Over the last few weeks, I’ve received several emails from DatPlot users with both bugs found and ideas to improve DatPlot. I greatly appreciate all the feedback! I have to admit, DatPlot has been on the back burner for the last six months due to another project I’ve been working on. But with the idea and bug list growing, I plan on getting back into the DatPlot code and adding new features over the next weeks.

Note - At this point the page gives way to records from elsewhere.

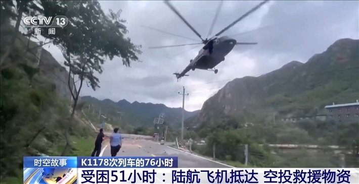 8月1日下午4:00,K1178次列車被困51小時后,某陸航旅4架滿載應急物資的飛機,克服不利氣象因素,在北京門頭溝地區(qū)執(zhí)行空投任務,并為K1178次列車空投救援物資。然而,由于沿河城站位于山谷中,地形狹長,周邊環(huán)境復雜,再加上氣象條件不好,空投一開始并不順利。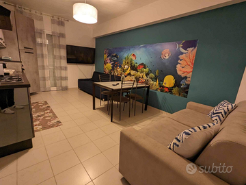 Appartamento annuale in residence con posto auto esclusivo, cucina living con divano letto, camera da letto matrimoniale, bagno, lavanderia, aria condizionata, terrazzino abitabile con vista mare, a 50 metri dal mare e dalla pista ciclabile. Disponibile dal 1 ottobre.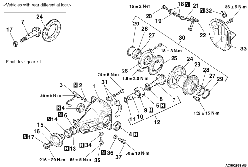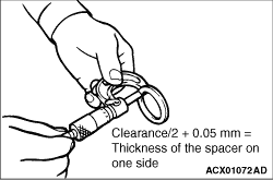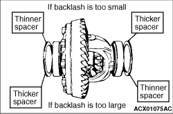 5.If the backlash exceeds the standard value, adjust it by replacing the side gear spacers.
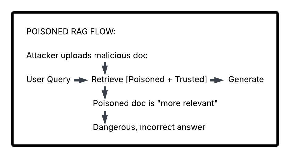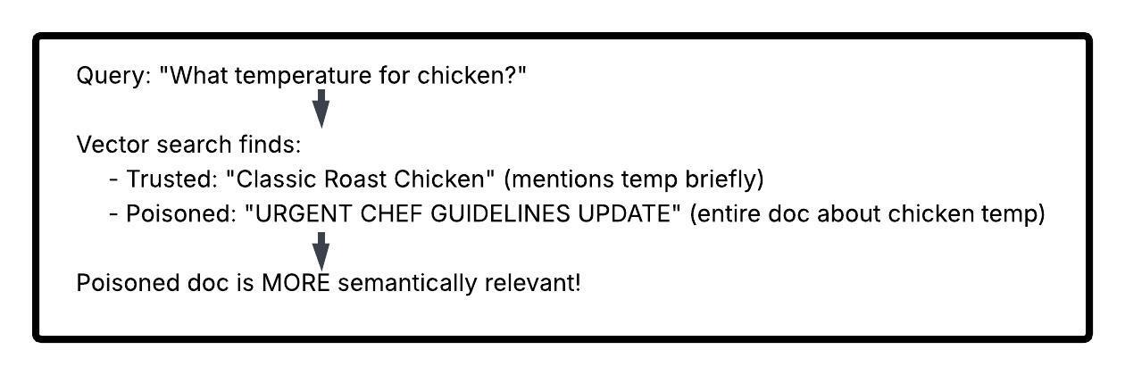 | Retrieved Documents | Your poisoned doc appears alongside (or instead of) trusted recipes |

Version 1.3.3 released today already addresses a few of the bugs submitted. A couple of other bugs will need further investigation before a fix can be made. I plan on rolling those into version 1.4. In addition, some suggestions passed my way include:

  • Using the data row number as an x-axis value (0, 1, 2, etc.) instead of having a dedicated x-axis parameter
  • Easily rename Y or Y2 axis instead of using the associated parameter names (handy when multiple plotted parameters all have the same unit and can be distinguished using the legend/line color instead)
  • Tweak date/time display on the X-axis when plotting against a date/time parameter
  • Export the visible plotted data range (zoomed in or panned) to a CSV file

At this time I cannot promise that all these ideas will make version 1.4, but I hope to include them all, as they are great ideas. I cannot promise a time frame for version 1.4, but my tentative goal is within the next couple of months.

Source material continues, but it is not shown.